そして特に女7人に対してですがお茶目な台詞の言い回しもいい感じです。このあたりは原作通り。
ビジュアルの精悍さ、悪に対する低音ヴォイスでのかっこよさ、女たちに対する心の優しさなどさまざまな十兵衛を見ることができます。
ことちゃんも役者としての幅がどんどん広がっている印象です。
なこちゃんゆら
なこちゃんとしては初めてとなる妖艶な女役。
極悪非道なそしてちょっと変態じみた殿の側室であり不死身な銅伯の娘。
ゆら本人も相当な悪事をしているというとても難しい役です。
まずはビジュアル。
豪華な衣装としゃべ化粧で妖艶な側室の雰囲気がピッタリです。
そして十兵衛に恋する前の冷たい怪しい雰囲気と十兵衛に恋してからのデレデレ感の違いがはっきり出ていてそこがよかった。

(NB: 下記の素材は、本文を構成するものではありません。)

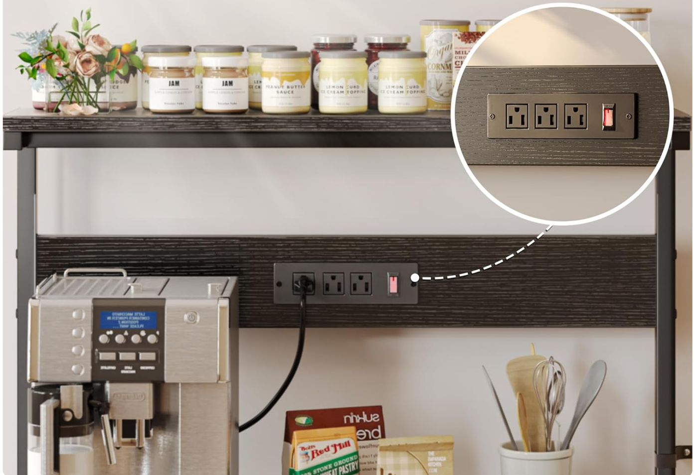
Image: Detail of the integrated power outlets with a safety switch, highlighting the electrical features.
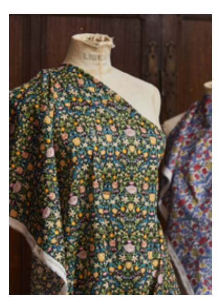
The Art of Craft by Liberty Price per metre: £29.95

Classic Arts and Crafts motifs, intricate detail and rich hues populate Liberty's new capsule collection of ten fabrics, conceptualised and designed in the Liberty Fabrics studio.
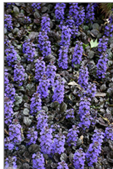
Black Scallop Bugleweed flowers

Black Scallop Bugleweed is recommended for the following landscape applications;
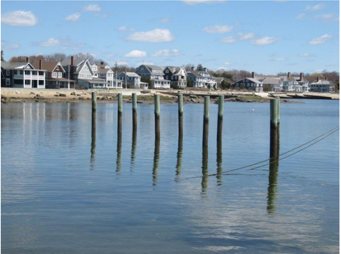
One of New England's most entrancing beach towns, Madison, CT has also been generating buzz for its restaurants and historic sites - and it's less than 100 miles from NYC.

A beloved beach spot, Madison's becoming better known for its buzzing little downtown. Find crafts from over 180 artisans at nonprofit gallery Creations . Tweet about The Audubon Shop , the state's first natural history and birdwatching shop. Leaf through R.J. Julia , one of the East Coast's greatest bookstores. Walk ten minutes west — and a couple of centuries back — to the Madison Green Historic District , whose structures date to the 17th century. Hungry? Lobster Landing , a century-old shack, serves to-die lobster rolls. Bed down at one of The Homestead's 10 luxe rooms ooze country-chic charm.

十兵衛との絡み、関係がもう少しあるともっとよかったですが、
十兵衛の最後の台詞「もうひとり、おれだけが弔ってやらねばならぬ女がある」に救われた気がしました。
愛ちゃん銅伯
108歳にとらわれず年齢不詳のビジュアルにしたのは正解でした。銅伯の怪しさと宝塚の2番手としてのかっこよさを両立させていました。
髪の毛の色を変えて登場した100年前のシーン。銅伯の、そして芦名一族の野望を表現するためのシーンだと思いますが必要あったのかな。
愛ちゃんただでさえ2役なのにあれで初見の人はよりわかりずらくなったのではないでしょうか。
あとやっぱり最後に死ぬ設定の方が盛り上がったような。
そもそも銅伯は十兵衛や女たちと直接戦うことが少ないので、愛ちゃんを漆戸にして最後ことちゃんと決闘させる(銅伯の役の比重を下げて)とかの方が宝塚的には盛り上がったかな、、、
七本槍
みんなビジュアルは最高。衣装も豪華でした。
ただ極悪非道な悪人に見えないのですよね。
先生が全体的に軽い明るい雰囲気の演出にしたかったためでしょうか。
でももう少し悪人に見えないと女たちの仇討ちという本筋に説得力が足りないように思います。
最初に映像とか使って残虐なシーンを入れるとか。
いろいろ書きましたが1回の観劇での感想なのでピントはずれかもしれません。もしもう一度観劇できれば新しい発見もありまた感想も変わるかもしれません。